**RECORDS TO USE**
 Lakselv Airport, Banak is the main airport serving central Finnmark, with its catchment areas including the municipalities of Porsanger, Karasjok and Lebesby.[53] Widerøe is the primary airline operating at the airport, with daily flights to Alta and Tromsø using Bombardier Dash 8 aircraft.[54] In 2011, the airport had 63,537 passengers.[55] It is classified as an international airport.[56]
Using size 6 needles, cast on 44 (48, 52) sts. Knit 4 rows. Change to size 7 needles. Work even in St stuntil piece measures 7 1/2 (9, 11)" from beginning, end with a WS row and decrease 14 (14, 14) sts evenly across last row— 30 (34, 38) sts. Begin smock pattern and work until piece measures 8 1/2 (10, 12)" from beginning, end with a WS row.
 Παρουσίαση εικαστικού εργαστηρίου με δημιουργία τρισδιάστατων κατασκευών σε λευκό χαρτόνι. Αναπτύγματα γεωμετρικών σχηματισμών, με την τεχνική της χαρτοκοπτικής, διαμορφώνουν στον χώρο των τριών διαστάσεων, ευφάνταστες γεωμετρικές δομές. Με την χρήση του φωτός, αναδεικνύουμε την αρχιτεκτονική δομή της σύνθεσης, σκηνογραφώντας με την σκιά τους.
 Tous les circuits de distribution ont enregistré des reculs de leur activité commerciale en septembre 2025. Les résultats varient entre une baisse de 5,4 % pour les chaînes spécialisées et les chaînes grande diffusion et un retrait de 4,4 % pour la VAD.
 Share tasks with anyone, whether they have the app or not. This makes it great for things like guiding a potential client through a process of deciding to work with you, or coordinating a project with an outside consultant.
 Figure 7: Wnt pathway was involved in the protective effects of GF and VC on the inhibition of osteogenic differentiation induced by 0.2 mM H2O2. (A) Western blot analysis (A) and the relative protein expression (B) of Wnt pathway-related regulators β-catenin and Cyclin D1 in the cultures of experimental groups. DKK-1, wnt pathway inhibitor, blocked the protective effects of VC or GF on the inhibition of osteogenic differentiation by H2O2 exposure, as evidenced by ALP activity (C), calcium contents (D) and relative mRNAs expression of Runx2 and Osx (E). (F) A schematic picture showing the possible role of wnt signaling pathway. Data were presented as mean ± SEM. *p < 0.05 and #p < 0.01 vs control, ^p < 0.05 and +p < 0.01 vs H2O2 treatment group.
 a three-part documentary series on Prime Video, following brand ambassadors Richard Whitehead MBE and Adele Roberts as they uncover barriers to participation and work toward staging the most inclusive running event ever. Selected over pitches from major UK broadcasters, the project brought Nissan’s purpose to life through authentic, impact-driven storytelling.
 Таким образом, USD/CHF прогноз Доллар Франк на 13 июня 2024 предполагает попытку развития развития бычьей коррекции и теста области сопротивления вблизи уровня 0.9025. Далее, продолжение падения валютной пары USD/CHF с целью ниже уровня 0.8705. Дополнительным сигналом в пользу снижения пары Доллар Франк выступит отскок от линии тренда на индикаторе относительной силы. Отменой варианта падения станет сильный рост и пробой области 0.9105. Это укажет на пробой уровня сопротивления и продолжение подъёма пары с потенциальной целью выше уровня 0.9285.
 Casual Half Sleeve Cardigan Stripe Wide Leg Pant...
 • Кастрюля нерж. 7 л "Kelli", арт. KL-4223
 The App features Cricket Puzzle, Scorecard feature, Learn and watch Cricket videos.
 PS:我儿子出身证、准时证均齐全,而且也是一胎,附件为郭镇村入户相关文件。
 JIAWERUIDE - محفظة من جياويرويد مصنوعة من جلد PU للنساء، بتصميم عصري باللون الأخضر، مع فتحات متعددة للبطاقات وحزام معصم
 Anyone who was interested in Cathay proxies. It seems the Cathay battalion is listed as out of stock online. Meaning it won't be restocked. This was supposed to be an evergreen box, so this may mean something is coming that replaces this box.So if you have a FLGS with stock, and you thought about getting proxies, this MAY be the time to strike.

**WORK REQUIRED**
Retype the portion of the data above that starts on the line with "Share tasks with" and finishes on the line with "Figure 7: Wnt", including both of those lines.

**SOLUTION**
 Share tasks with anyone, whether they have the app or not. This makes it great for things like guiding a potential client through a process of deciding to work with you, or coordinating a project with an outside consultant.
 Figure 7: Wnt pathway was involved in the protective effects of GF and VC on the inhibition of osteogenic differentiation induced by 0.2 mM H2O2. (A) Western blot analysis (A) and the relative protein expression (B) of Wnt pathway-related regulators β-catenin and Cyclin D1 in the cultures of experimental groups. DKK-1, wnt pathway inhibitor, blocked the protective effects of VC or GF on the inhibition of osteogenic differentiation by H2O2 exposure, as evidenced by ALP activity (C), calcium contents (D) and relative mRNAs expression of Runx2 and Osx (E). (F) A schematic picture showing the possible role of wnt signaling pathway. Data were presented as mean ± SEM. *p < 0.05 and #p < 0.01 vs control, ^p < 0.05 and +p < 0.01 vs H2O2 treatment group.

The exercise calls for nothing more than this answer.